+++ PROVIDED ENTRIES +++

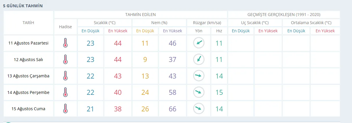 İzmir’de 5 Günlük Hava Tahmini (11–15 Ağustos 2025):
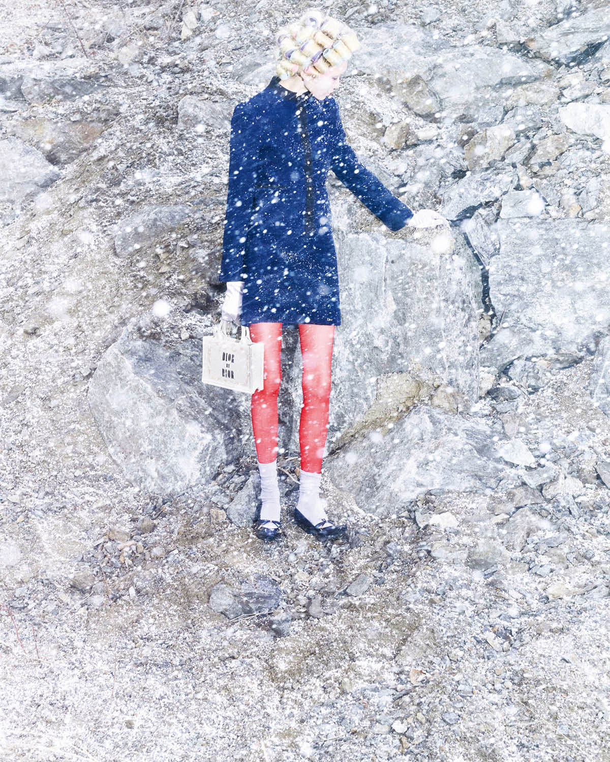 눈보라 속에서도 우아한 디올 가방과 디올 우먼
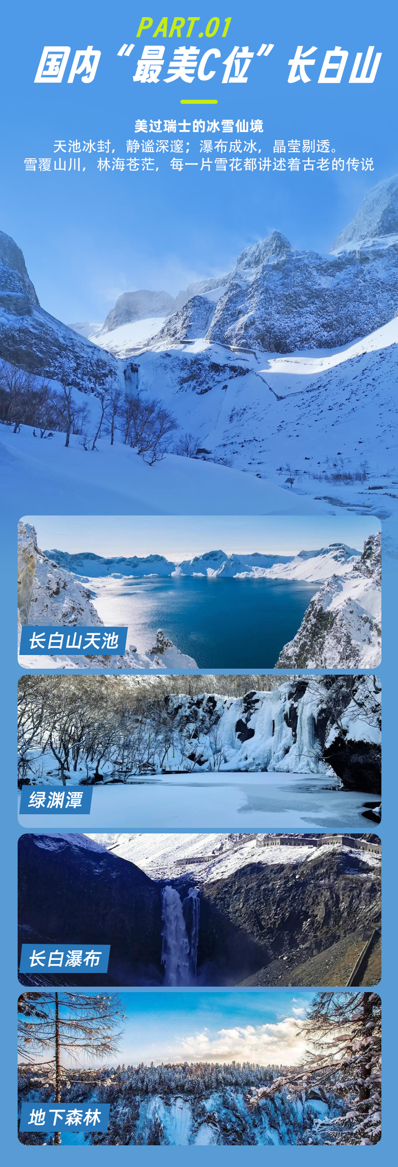 08:30进入景区后乘坐景区环保车深入景区,景区开发的非常成熟,在领队的带领下一一浏览,这里拥有中国乃至世界都不多见的【垂直自然景观带】,从柔美的岳桦林到附在岩石上的苔原带,再到不生一物的岩石带…..神奇景观到达山顶并未结束,队友们终于见到了朝思暮想的【白头山天池】,也终于知道选在冬季带您来长白山的原因:远处一望无际的原始林海雪原,近处谜一样的天池风光(没人知道天池的水来自哪里),还有接下来的地下森林等壮阔雪景,只有在冬季,您才能真正理解什么是幕天席地的豪爽壮阔。
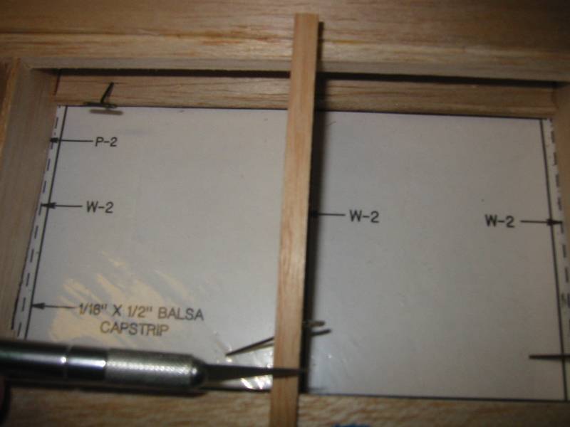 I cut the cap strips out next. Not much to show here, really. Its a fairly simple step. Picture3 shows how I use my Exacto Blade to measure the proper length of balsa - hold it in place on the wing and press on the strip with the blade to make a small mark. Put the wood on a cutting surface and finish the cut - perfect fit every time
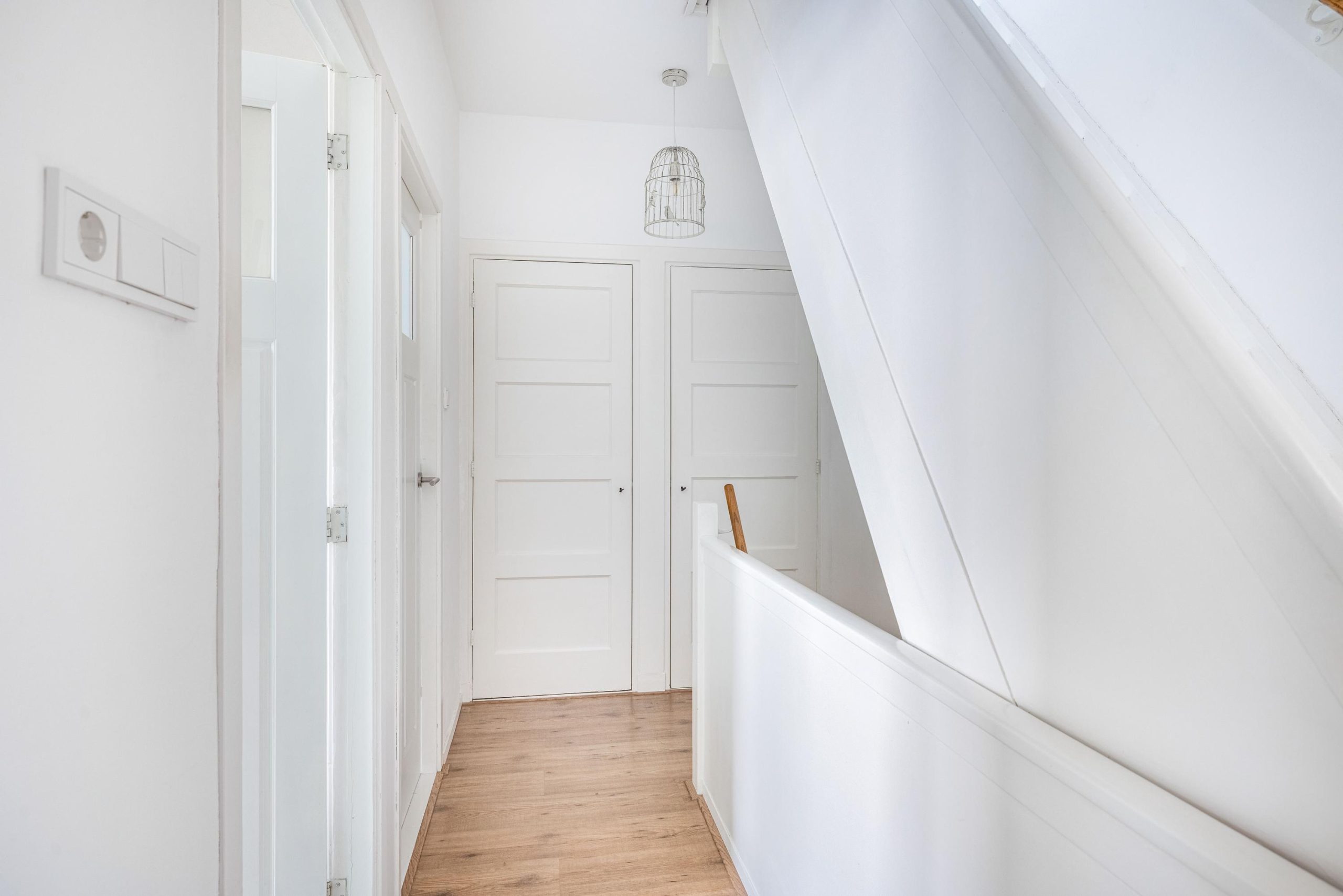 Overloop met toegang tot alle vertrekken, trapopgang naar de 2e verdieping, twee vaste kasten.

+++

## [YOUR INSTRUCTIONS]
From the top of the listing above, repeat each line exactly until you reach the line containing "눈보라 속에서도 우아한 디올 가방과 디올 우먼", and repeat that one too. Leave the pictures out.

## [ANSWER TO THIS PROBLEM]
 İzmir’de 5 Günlük Hava Tahmini (11–15 Ağustos 2025):
 눈보라 속에서도 우아한 디올 가방과 디올 우먼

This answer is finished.